Food and Addiction, a Comprehensive Handbook

Reprinted from Eating Disorders Review
May/June Volume 25, Number 3
©2014 iaedp

The interface between food intake, weight, eating behavior, and addiction has been a topic of increasing interest in recent years. For example, there was some consideration given to including obesity in the DSM-5, with proponents of such inclusion in part arguing for an addiction model. Twelve-step group approaches to earning disorder and obesity treatment have been tried, and in some areas are quite popular. Recently there has been increasing interest in the role of the concept of reward in disordered eating behavior; and much of this research is focused not only on the consumption food, but also on the consumption of drugs. Thus, the interface of food and addiction is currently quite topical. Still, discrepancies and significant uncertainties remain in this area. For example, there is real controversy about the idea that some foods could be addictive. In addition, the model of abstinence holds sway in the field of substance use, but such a model is not readily applicable to food intake.
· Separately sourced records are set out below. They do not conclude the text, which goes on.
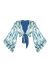 Önde bağlanarak ya da belde anvelop yapıp arkada bağlanarak giyilebilir. Önü ve kolları mavi desenli. Sırt ve biye detayları petrol mavi renk.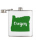 Silhouette de l'état de l'Oregon en vert avec superposition de texte de script moderne blanc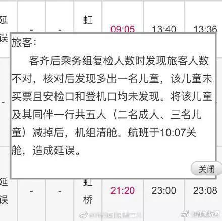 同机乘客宋先生告诉记者,当时有一个意思小孩家长的男子向机组人员解释称,以为1.2米一下的孩子不用买票,并向工作人员提出“可以现在补票吗?”,工作人员表示无法补票后,未购票儿童及通行人员被机组人员要求下机接受询问。随后,同机的其他乘客也被要求下机重新安检,原定6:55起飞的飞机被延误到11:59才重新起飞。
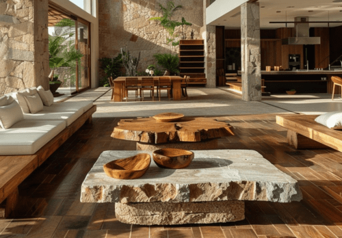 Salon moderne mêlant design biophilique, mobilier en bois massif sculpté et murs en pierre naturelle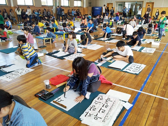 전주장학숙에서 인근 초등학생을 대상으로 진행하고 있는 방과 후 서예학습에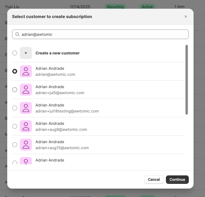 Once you select "Continue" on the popup, you'll be taken to a page titled "Create subscription" you'll notice that the customer you had previously selected is displayed at the top.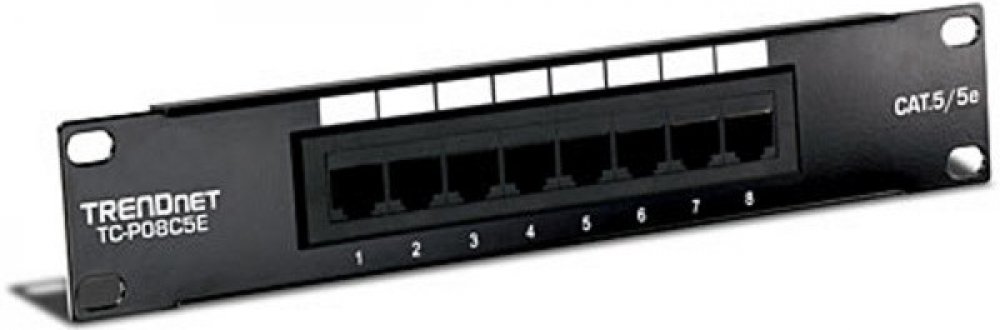 Značkový patchpanel TRENDnet TC-P08C5E je spolehlivou variantou pro Vaši datovou síť. Splňuje normy normy pro kategorii Cat. 5e a je přizpůsoben pro montáže do 10" rozvaděče a velikostí 1U.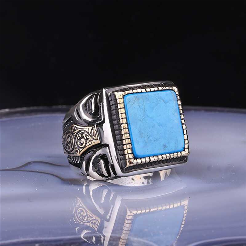 Silver Square Turquoise Stone Men's Ring This men's ring model, made of turquoise stone on silver, is a stylish accessory that you can use at any time of the day. You can gift this ring to yourself or your loved ones on your birthday, Father's Day or special occasions. Blue square turquoise stone men's ring model is made of 925 sterling silver. Oxidized silver is coated. Oxidized silver men's ring models preserve their shine for a long time. As with all men's rings, silver square turquoise stone men's ring model is also handmade. Due to silver and precious stones, there may be ± 10% deviation in the average product weight. Width: 1.70 cm Length: 1.70 cm Avg. Weight: 16.00 gr.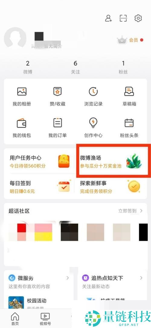3、最后我们就可以看到微博的微博渔场该选项了。

A new volume, Food and Addiction, a Comprehensive Handbook edited by Drs. Kelly D. Brownell and Mark S. Gold, is a very useful contribution to the literature in this area. The book covers a wide scope of topics related to this field. Sections examine the neurobiology of addiction, regulation of eating behaviors, and the interface of food intake and addiction. Thereafter, the clinical, public health, and legal implications of this literature are considered. The book contains contributions from leaders in the field. Coverage is concise, thoughtful, and authoritative. One particularly appealing aspect of the book is that the chapters are of very manageable length (66 chapters in about 450 pages). This affords the reader the ability to pick and choose topics of particular interest, which can be easily accessed; alternatively, the book taken as a whole provides a broad and thorough view of this area.

Regardless of whether or not one considers food intake to be an addictive behavior, the interface between addiction and food is one that arises frequently, and as such this book is of real value to the field.